Тень Наполеона промелькнет и на страницах «Севастополя в мае». Калугин, офицер из кружка аристократов, вспоминает наполеоновского адъютанта, который с окровавленной головой прискакал к императору, передал приказание и упал замертво, успев перед смертью произнести всего одну фразу — пафосную, как в трагедии, написанной высоким стилем. Калугину лестно вообразить себя на месте этого адъютанта, однако он вовсе не намерен рисковать своей жизнью. Воюют другие: ротмистр Праскухин, не удостоенный чести считаться своим в генеральской свите, штабс-капитан Михайлов, в стоптанных сапогах и с наспех перевязанной головой. А блестящее офицерское общество «довольствуется» впечатлениями от променада у не тронутого бомбами павильона или убеждает себя, что живущие в землянках и неделями не переменяющие белье никак не могут считаться героями. И вся невыносимая пошлость этих разговоров по-французски перечеркнута всего одной репликой не названного по имени солдата, когда на цветущей долине между траншеей и бастионом убирают трупы: «Ишь, дух скверный!»
Бой окончен, Михайлов, томившийся предчувствием смерти, отделался легким ранением, а Праскухин погиб, и погибли еще очень многие, а другие с проклятиями и молитвами на пересохших губах ползают среди трупов или стонут на перепачканном кровью полу перевязочного пункта.
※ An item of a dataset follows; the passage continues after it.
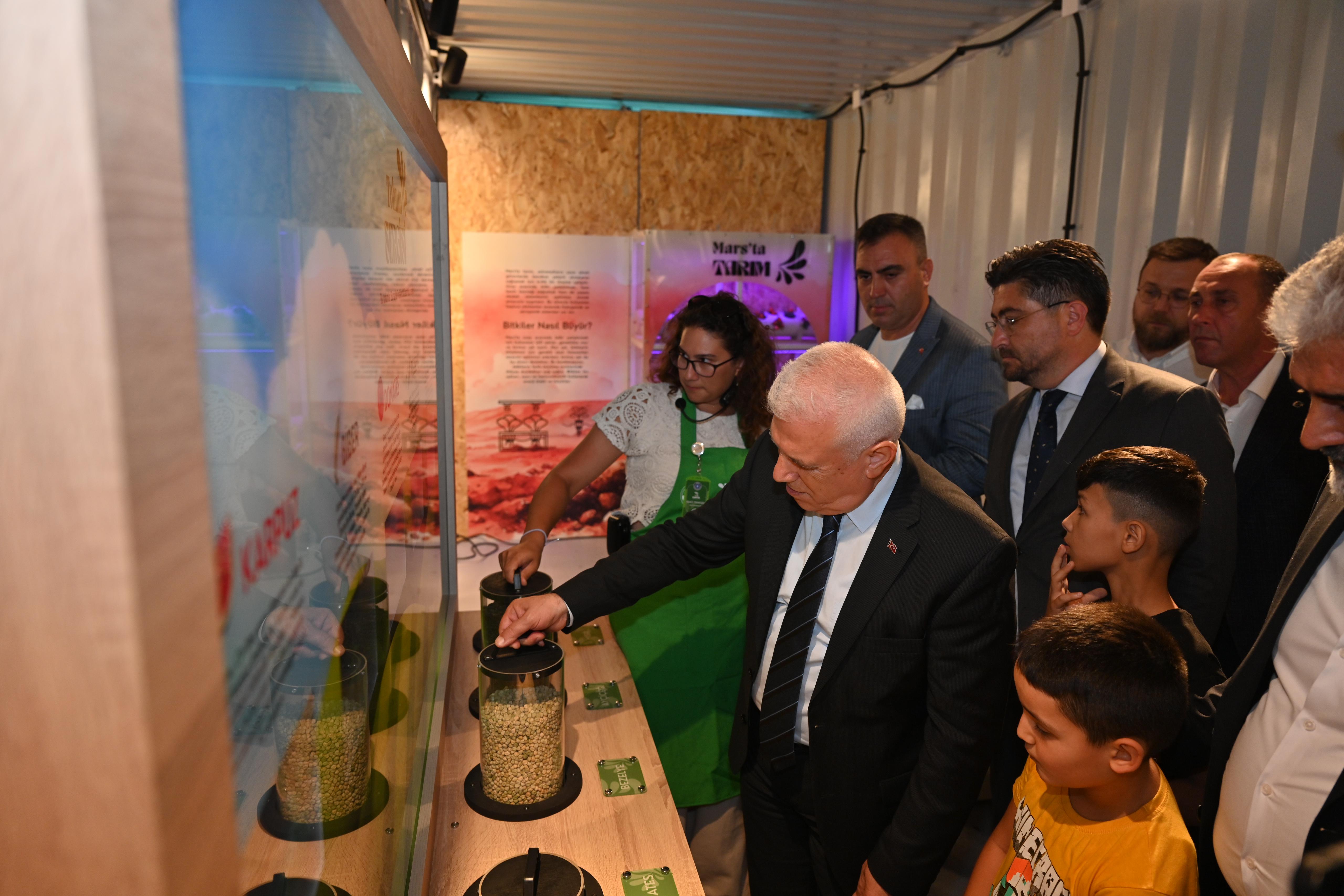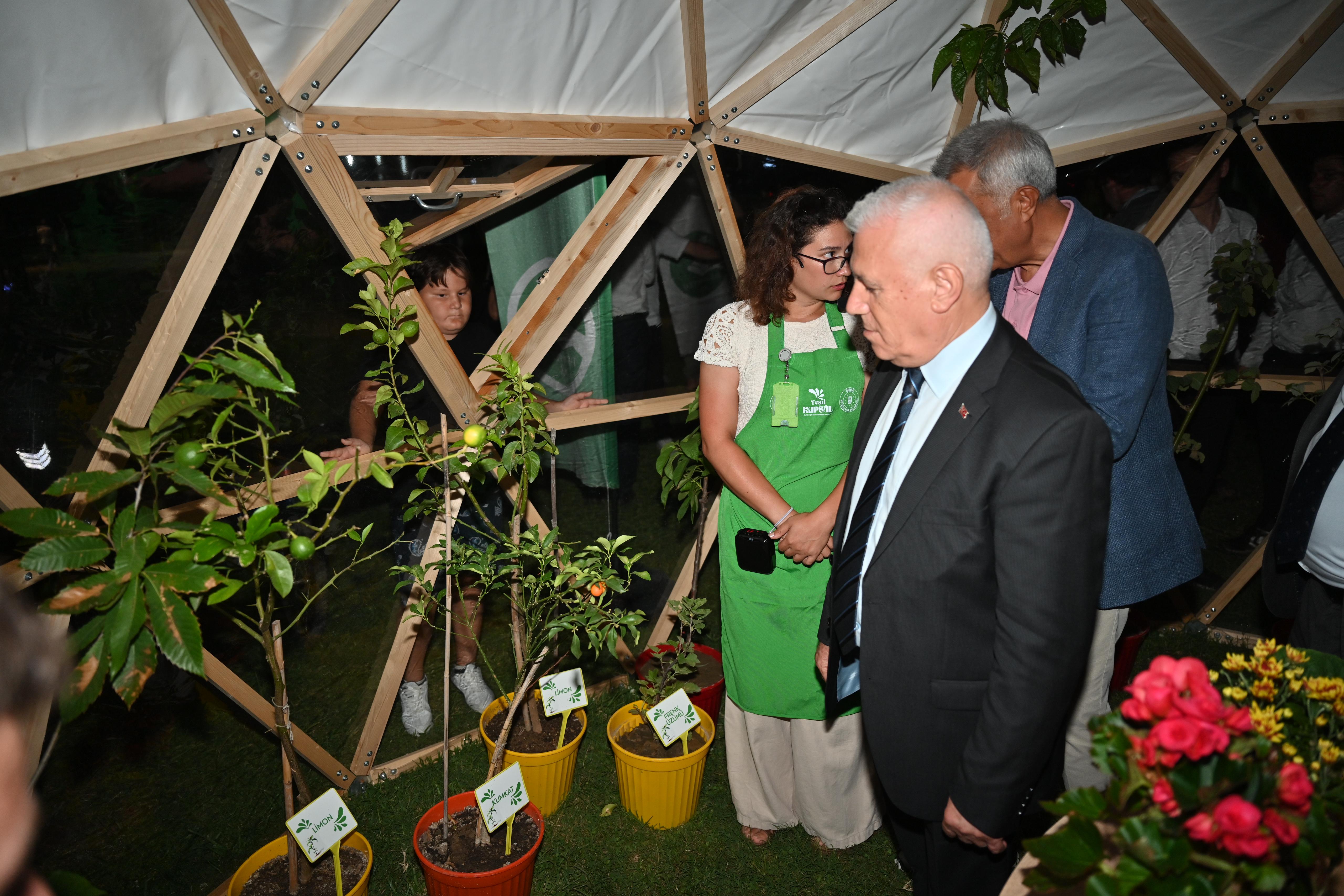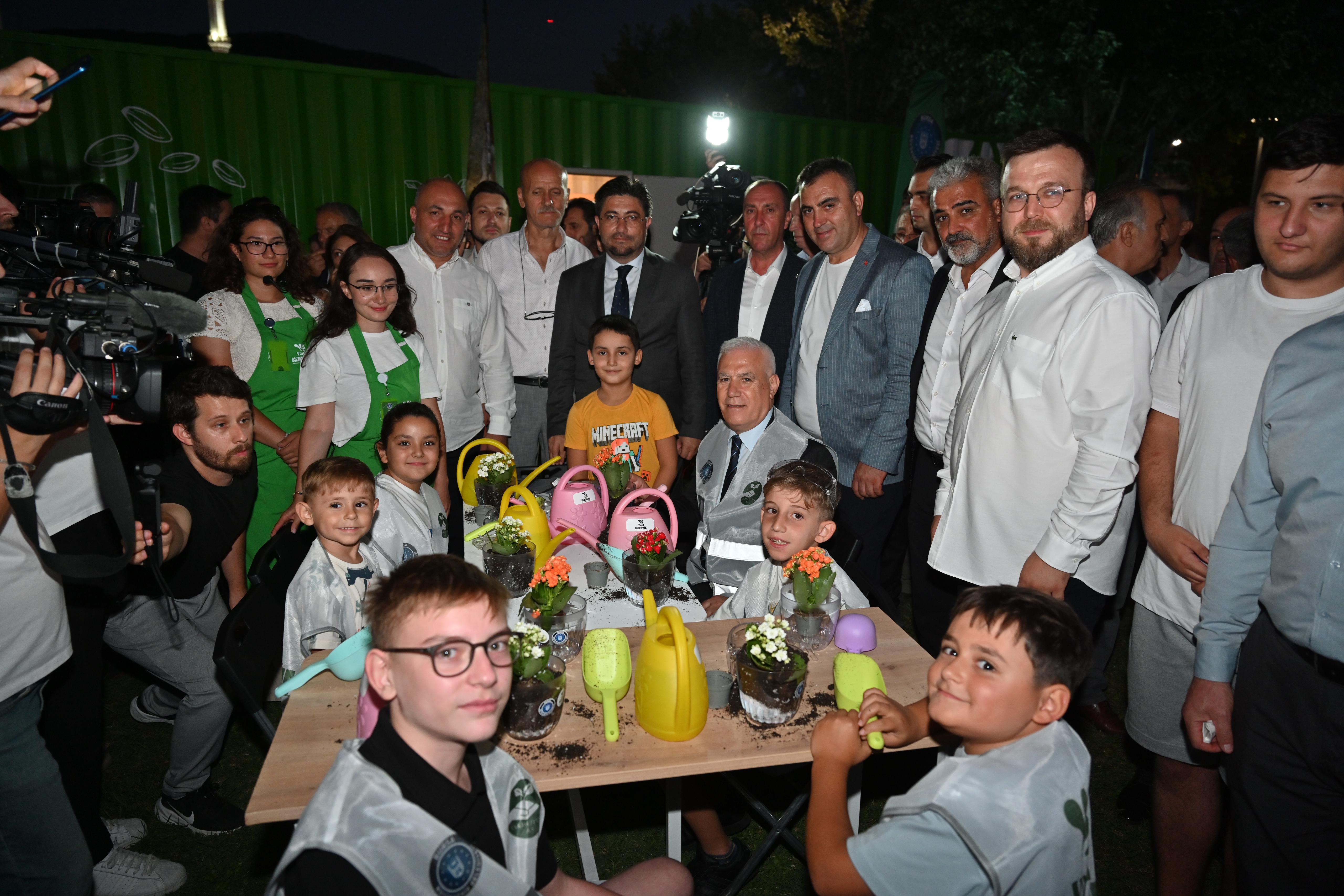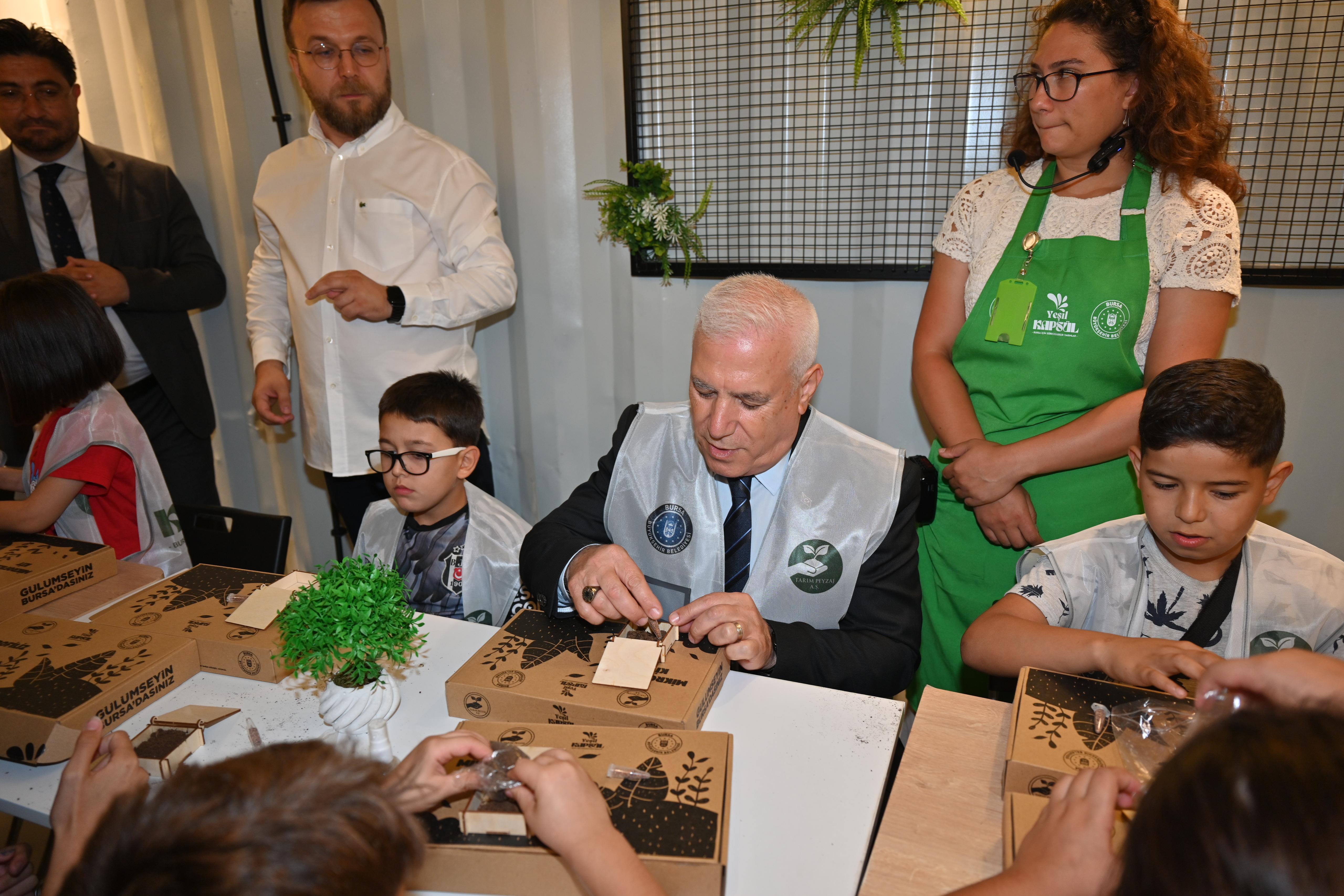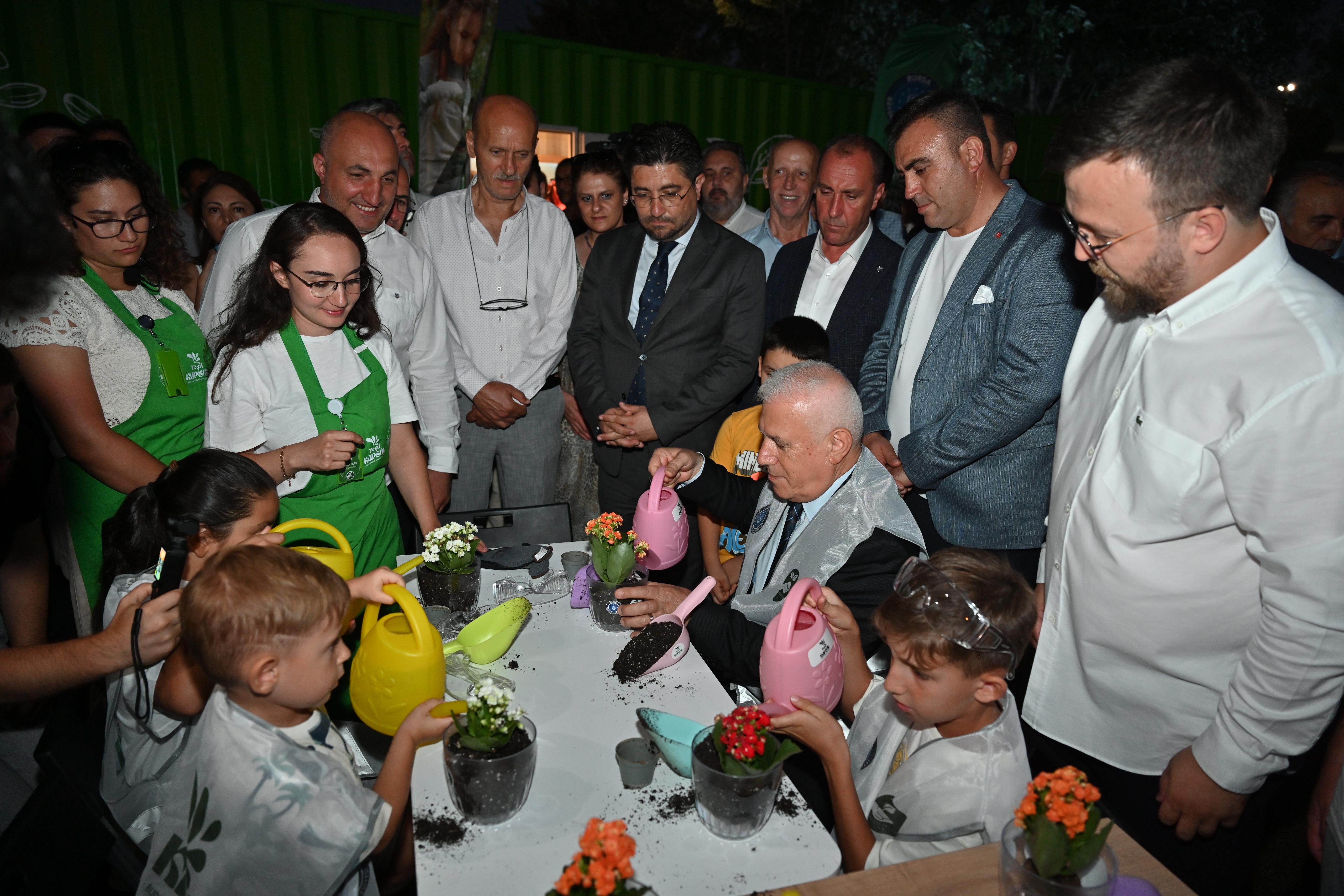 Açılış konuşmasının ardından Başkan Bozbey ve beraberindekiler tarafından açılış kurdelesinin kesilmesiyle proje alanı ziyarete açıldı. Mobil eğitim konteynerlerini gezerek sergiler hakkında bilgi alan Başkan Bozbey, minik katılımcılarla birlikte ‘Kendi Bitkini Üretme Atölyesi’ne de katıldı.

Небо над Сапун-горою опять разгорается зарницами, и снова «потянул белый туман с шумящего темного моря, зажглась алая заря на востоке, разбежались багровые длинные тучки по светло-лазурному горизонту». Мир светится любовью и счастьем. Но не для тех, от кого остался «дух скверный» — и только.
Толстой был первым писателем, показавшим войну и «в настоящем ее выражении», и одновременно — этого не было даже у Стендаля —
«Севастополь в августе». Штурм, последнее отчаянное сопротивление разрушенных бастионов, густой дым по всей линии укреплений, атака, задержавшая неприятельские колонны, французское знамя над Малаховым курганом. Но это не сам сюжет, а скорее фон и атмосфера, которыми усилена история двух офицеров, двух братьев, погибших в этом сражении, — от века повторяющаяся и всегда трагическая история прямого соприкосновения с жестокостью войны. «Прекрасные, радужные, великодушные мечты» рассыпаются, когда из военного училища, где на выпускном экзамене присутствовал государь, судьба переносит младшего Козельцова на севастопольскую батарею, а потом швыряет прямо под пули врага. От мальчика с русой косичкой — считают, что это примета счастья, — остается только что-то в шинели, ничком лежащее у заклепанной французами пушки.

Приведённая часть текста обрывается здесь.